Other groups have shown that the optimal amplicon length for wastewater seem to be around ~400bp as done by, e.g., the Artic protocols. With the much shorter amplicons like Nimagen, you might have less opportunities for cooccurrences of mutations. (and with much longer amplicons, there might be fewer fragments as large that manage to survive through the wastewater all the way to the sequencing)

ggrimes commented 2 years ago

Thanks that makes it clear. Unfortunately, my amplicons are very short and this centering method would still retrieve PE reads that overlap multiple amplicons. Maybe I can create a custom insert bed file that has nonoverlapping amplicon regions. Or reduce the window to a single base.

DrYak commented 2 years ago

From the theory point of view:

BUT! in practice:

Since commit d505a5d31e643170fef9abcec42550c415980b22 before Christmas, there are new options to get this requests in a YAML file:

> ./cooc-mutbamscan --help
usage: cooc-mutbamscan [-h] [-s TSV | -a BAM/CRAM [BAM/CRAM ...]] [-/ [BATCHNAME]] [-p PATH] [-r REFID] [-m DIR] [-b BED] [-# COOC] [-Q YAML | -A YAML] [-j JSON] [-y YAML] [-t TSV] [-d]

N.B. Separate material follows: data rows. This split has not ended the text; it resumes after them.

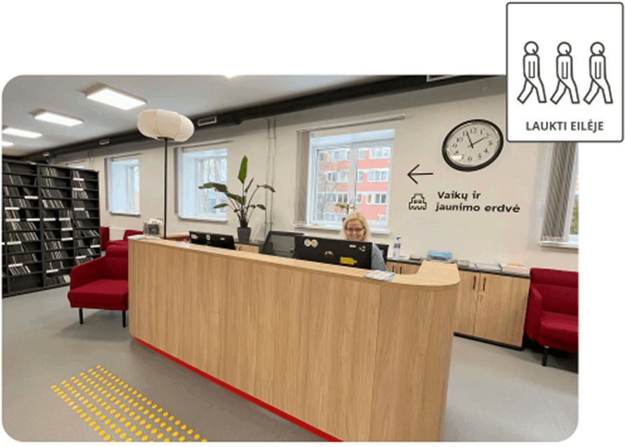 Čia yra informacinis stalas, prie kurio registruojami nauji skaitytojai, išduodamos knygos.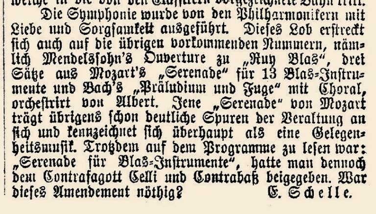 文件记载,勃拉姆斯于12月30日晚离开维也纳,乘夜车前往莱比锡,第二天早上在那里进行了一次管弦乐排练。因此,德沃夏克徒劳的访问最早可能发生在当天晚上。事实上,就在这一天,莫扎特的《大帕蒂塔》被列入了维也纳爱乐乐团中午音乐会的节目单中,这一点在日报和乐团的音乐会档案中都有报道:见此条目。因此,德沃夏克可能事先就听到了这场音乐会。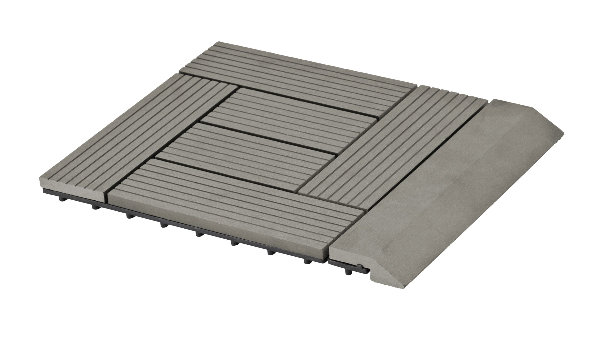 A G21 egyenes átvezető profil a WPC burkolócsempékhez esztétikus megjelenést és biztonságot nyújt a padló vagy a terasz használata során.
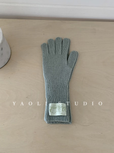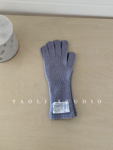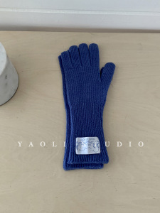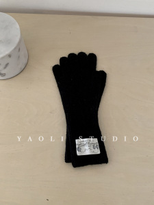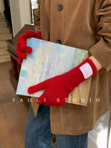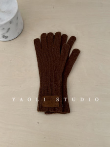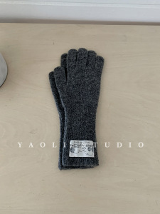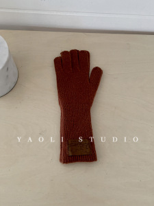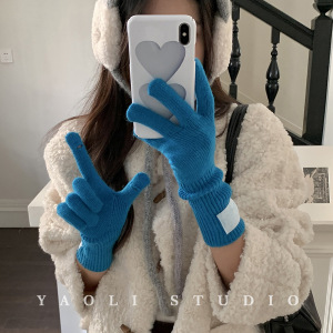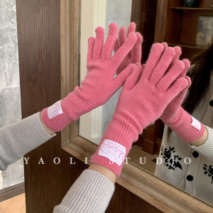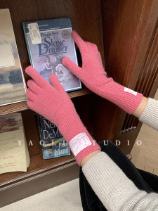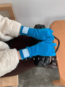 新款韩系含羊毛针织毛线彩标手套女秋冬季保暖露指可触屏骑行防寒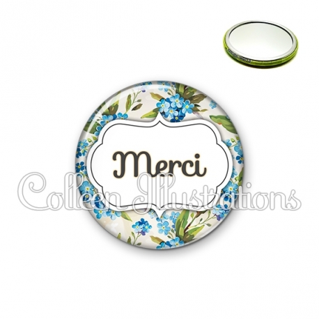 Miroir simple avec dos métallique décoré d'une image fantaisie et texte.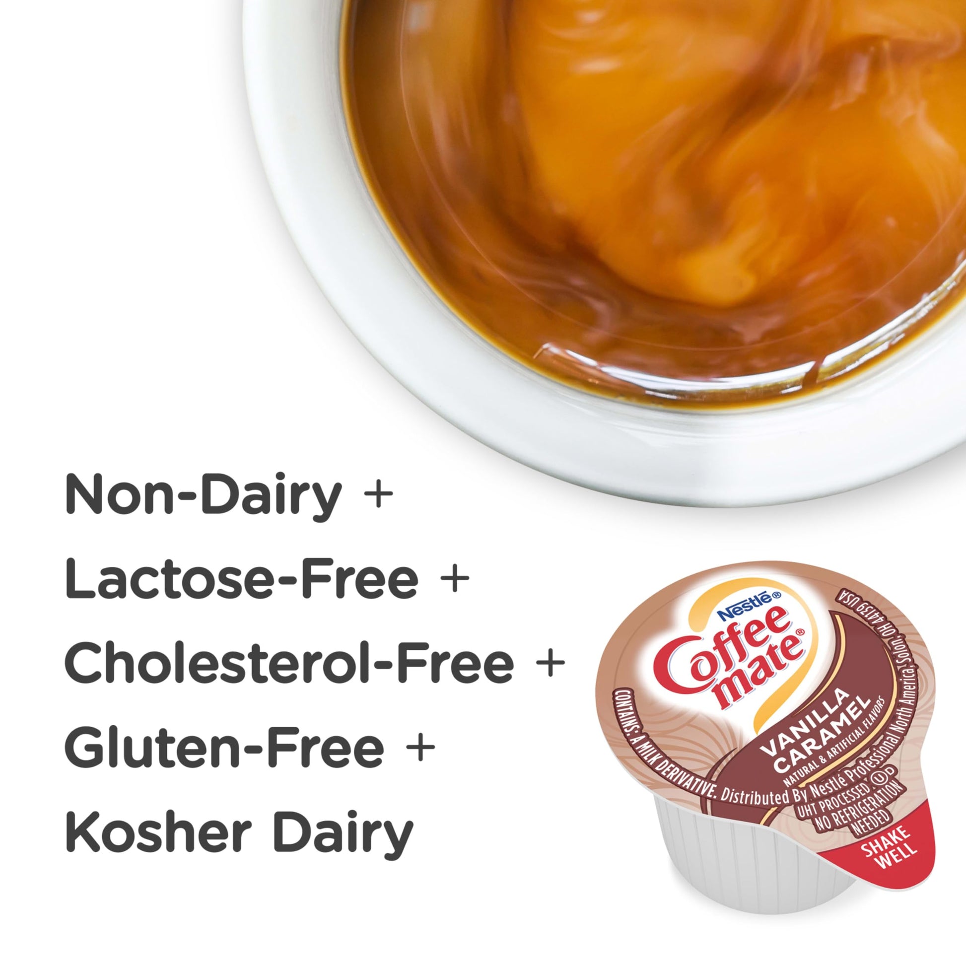 Q: Is the Coffee mate Vanilla Caramel Creamer suitable for special dietary needs?A: Yes, this liquid creamer is non-dairy, lactose-free, cholesterol-free, gluten-free, and kosher dairy, making it a suitable option for various dietary preferences.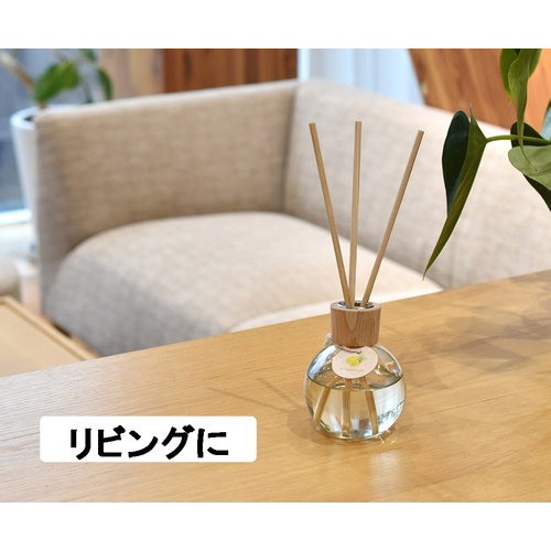 明るくポジティブでフレッシュなビターシトラスの香り。丸みのあるデザインは、安定感があり倒れにくくなっています。スティックは、国産の杉間伐材を使用。最後までしっかり香りが広がります。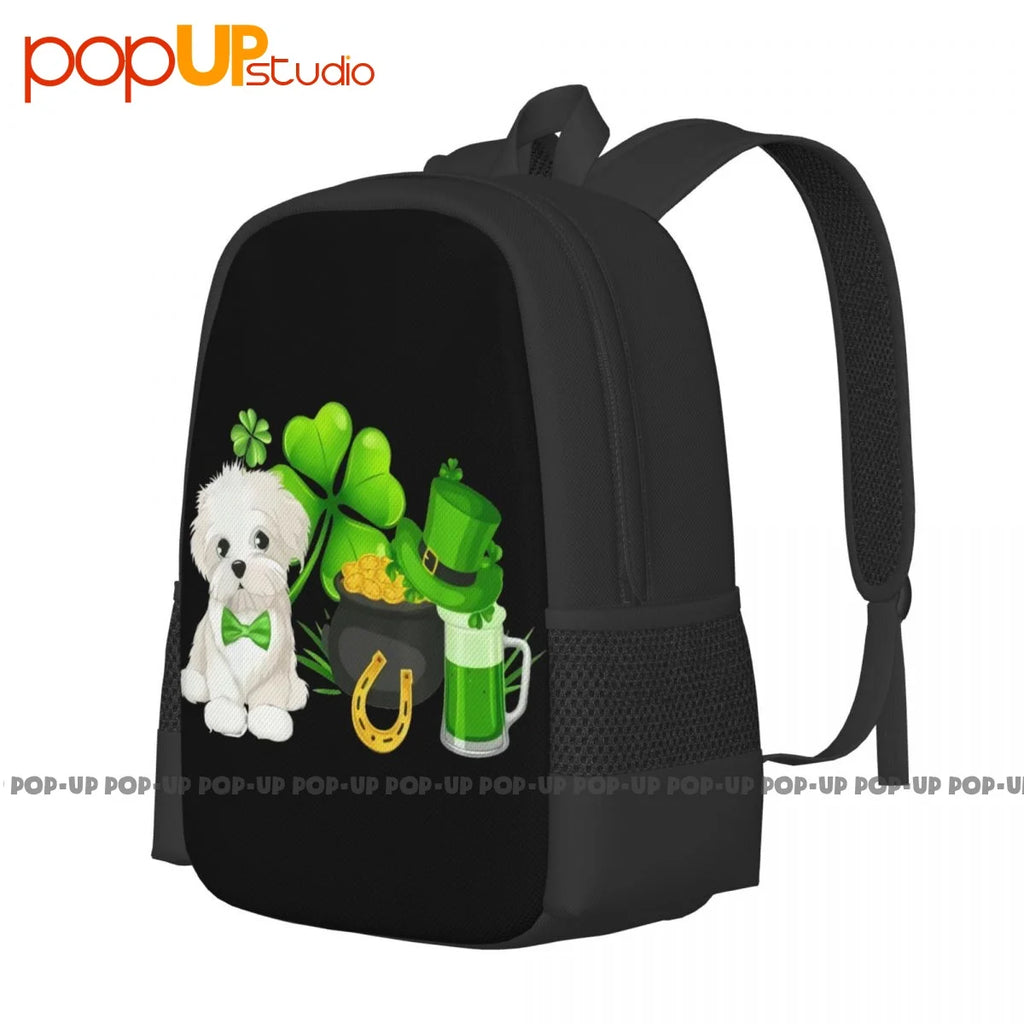 Maltese St Patricks Irish Clover Gift Dog Lover Backpack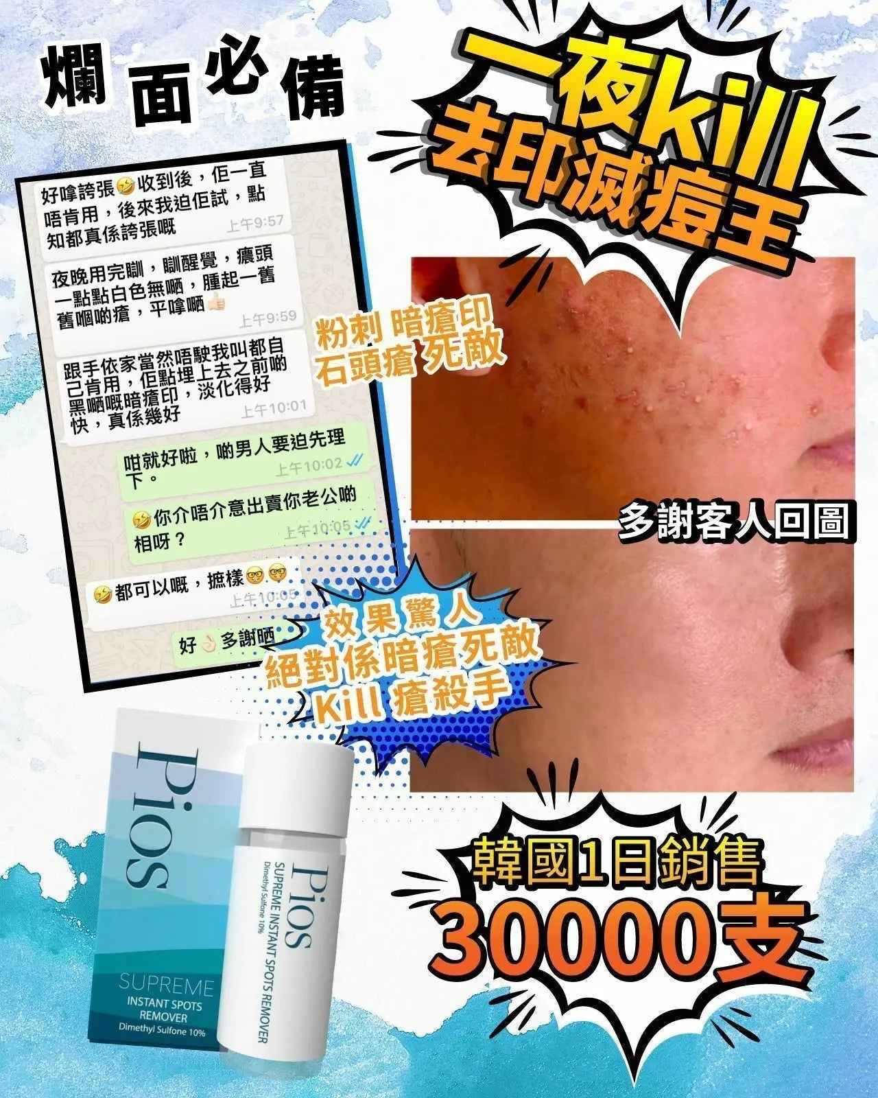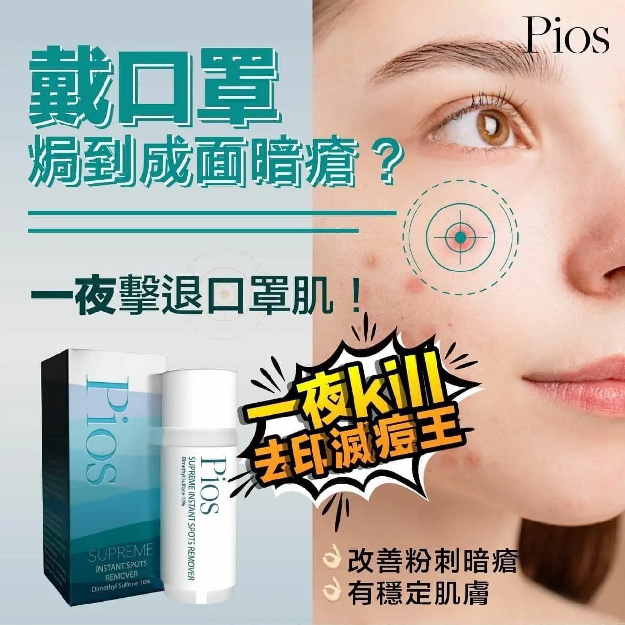 Pios瞬時去痘淨膚精華擁有「去印滅痘王」之稱,主要針對粉刺暗瘡、紅腫痘痘,有效穩定肌膚,同時讓肌膚提供屏障,抑制皮脂過剩,預防粉刺及暗瘡生長,減少毛孔堵塞,使油脂分泌更順暢,快速見效,持續使用更有助收細毛孔。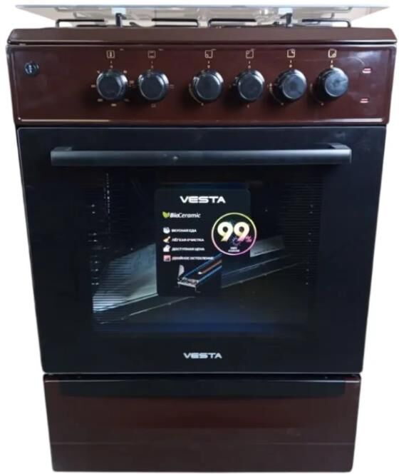 Горелки стола: Газовые – 3 шт. Электр.–1 шт. Выдвижной ящик для посуды. Мощность горелок рабочего стола: -Горелка передняя левая/правая – 2,0/2,4 кВт. Горелка задняя левая, электрическая – 1,5 кВт. Горелка задняя правая – 1,0 кВт. Решетка рабочего стола – сталь. Крышка рабочего стола – стекло. Верхний нагреватель духовки – ТЭН. Нижний нагреватель духовки – ТЭН. Электророзжиг при помощи кнопки. Электрическая подсветка духовки. Термостат, Индикатор работы электроконфорок. Индикатор работы ТЭНа духовки. Противень – 2 шт.; .В/Ш/Г 850/600/6000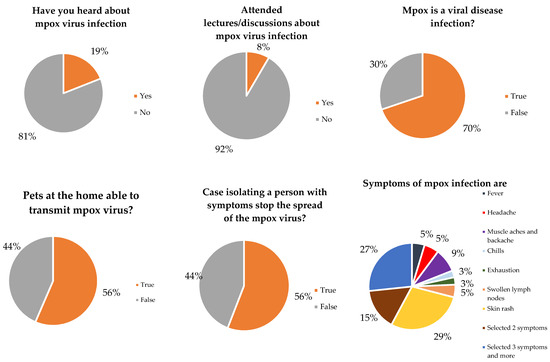 The results of the knowledge assessment questionnaire revealed participants’ knowledge gaps concerning MPXV infections, i.e., they had a moderate level of knowledge about mpox. Put another way, the respondents were not quite informed about the disease, its symptoms, causes, transmission, and treatment, as well as about how to handle people with the disease. The reason why people have this relatively limited amount of information regarding the disease can be associated with the fact that the disease has not yet been reported widely in the Middle East. Additionally, the participants did not have experience with the disease, and their knowledge was limited as knowledge of something that could partly stem from experience []. Based on previous research [], the disease is a re-emerging disease in the world. Although the outbreak seems recent, knowledge of the disease by ordinary people can help prevent its development. Our results coincide with previous research not only among ordinary people, but among Jordanian medical, nursing, dentistry, and pharmacy students [], Indonesian general practitioners [], Saudi physicians with medical students [], health professionals in Kuwait [], and Italian physicians []. These groups of the human population are considered knowledgeable as they belong to the health sciences and should possess information at least regarding health-related topics. This highlights the recency of the disease, not in terms of its origin, but rather in terms of its reappearance. A dearth of knowledge concerning the transmission, treatment, and symptoms can negatively affect the control of the disease. Therefore, raising the population’s level of knowledge and awareness is suggested to successfully prevent the disease from spreading across the world.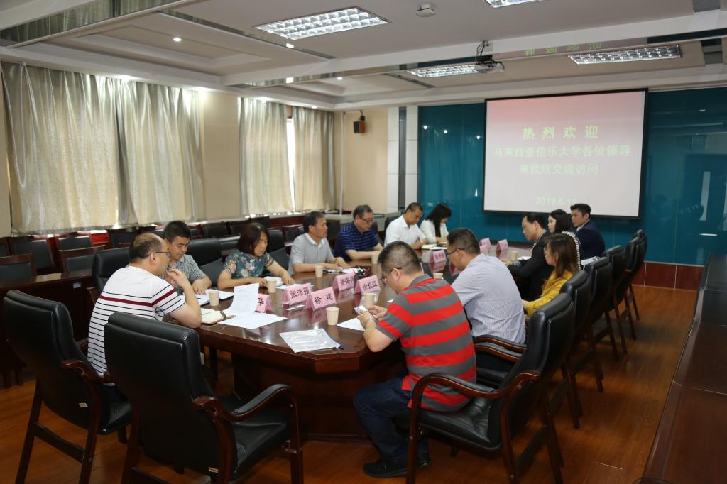 为了贯彻落实国务院办公厅《关于深化产教融合的若干意见》,推动高职教育结构性改革,加快我院现代化职业教育建设,2019年6月11日上午,马来西亚伯乐大学丘邦亮校长一行6人来我院交流洽谈,学院院长程书强、副院长刘晓玉出席,教务处处长马西牛、经济与金融学院院长景海萍、商学院院长董媛、管理学院副院长张沛强以及国际交流与合作中心负责人杨华参加此次座谈座谈会。会议由刘晓玉主持。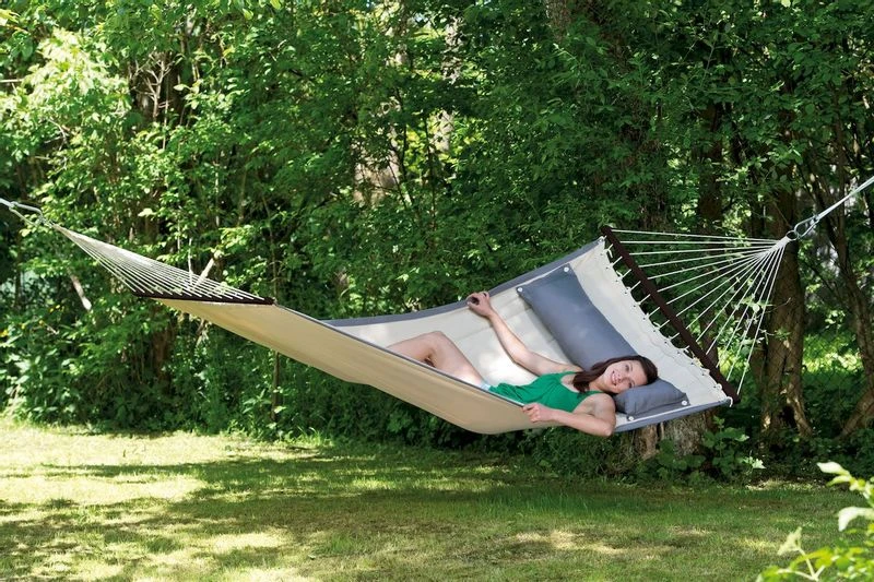De Amazonas American Dream doet zijn naam eer aan! Deze hangmat is echt een hangmat om van te dromen of om in weg te dromen 😉 Dankzij de spreidstok is de hangmat goed in balans en de stof is voorzien van een vulling voor extra comfort. Daarnaast wordt de hangmat geleverd inclusief een kussen die afneembaar is. Deze hangmat is gemakkelijk op te vouwen in de bijgeleverde zak, maar houdt er rekening mee dat deze minder gemakkelijk mee te nemen is dan andere hangmatten dankzij zijn gewicht van 3,3 kg.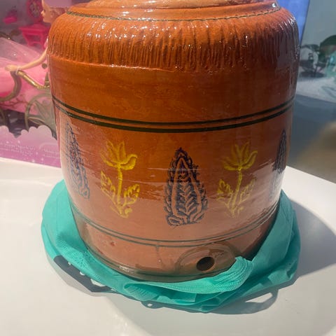 Drikkebrikke i keramikk.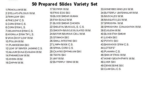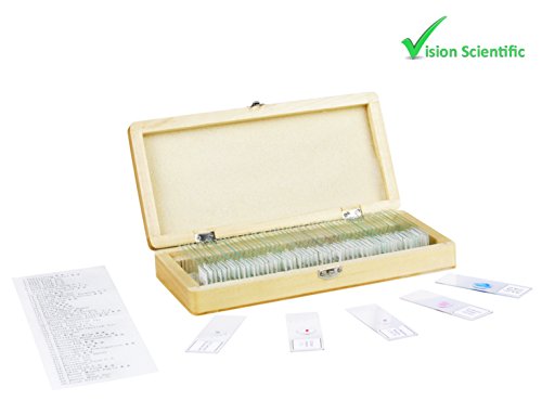 Vision Scientific VS50 Piece Slide Set, 50 Prepared Glass Microscope Slides, General Biological/Scientific Application, Shatterproof Box with Interior Padding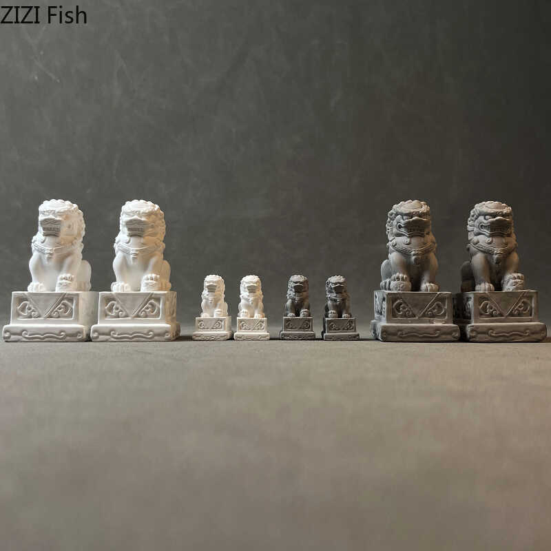 Chinese Stone Lion Plaster Statue Table Decoration Creative Feng Shui Landscape Ornaments Sculpture Room Aesthetic Decor

scan amplicon (covered by long read pairs) for mutation cooccurrence

optional arguments:
  -h, --help            show this help message and exit
…
  -Q YAML, --in-amp YAML, --amplicons YAML
                        use the supplied YAML file to query amplicons instead of building it from BED + voc's DIR
  -A YAML, --out-amp YAML, --out-amplicons YAML
                        output amplicon query in a YAML file

use the --out-amplicons option and look at the 5th column in this file: it's a map (a dictionary) of all mutation visible on that position.

For example with Artic V4 and Omicron, this is what we get:

75_om: [22428, 22785, 22504, 22647, {22578: A, 22673: C, 22674: T, 22679: C}]
76_om: [22677, 23028, 22815, 22944, {22679: C, 22813: T, 22882: G, 22898: A, 22992: A,
    23013: C}]
77_om: [22974, 23327, 23058, 23216, {22992: A, 23013: C, 23040: G, 23048: A, 23055: G,
    23202: A}]
78_om: [23246, 23611, 23357, 23545, {23525: T, 23599: G}]
88_om: [26277, 26635, 26368, 26557, {26530: G, 26577: G}]

Two amplicons (78, 88) carry two mutation, the three other (75, 76, 77) carry many more.

Another separate thing to watch out for: beware that your amplicon's primer don't happen to map to a heavily mutated or a deleted part of your variant of interest, otherwise you're going to have drop out. (e.g.: the primer that correspond to Artic V3's amplicons 75 and 76 have trouble binding to omicron and thus we lose information there).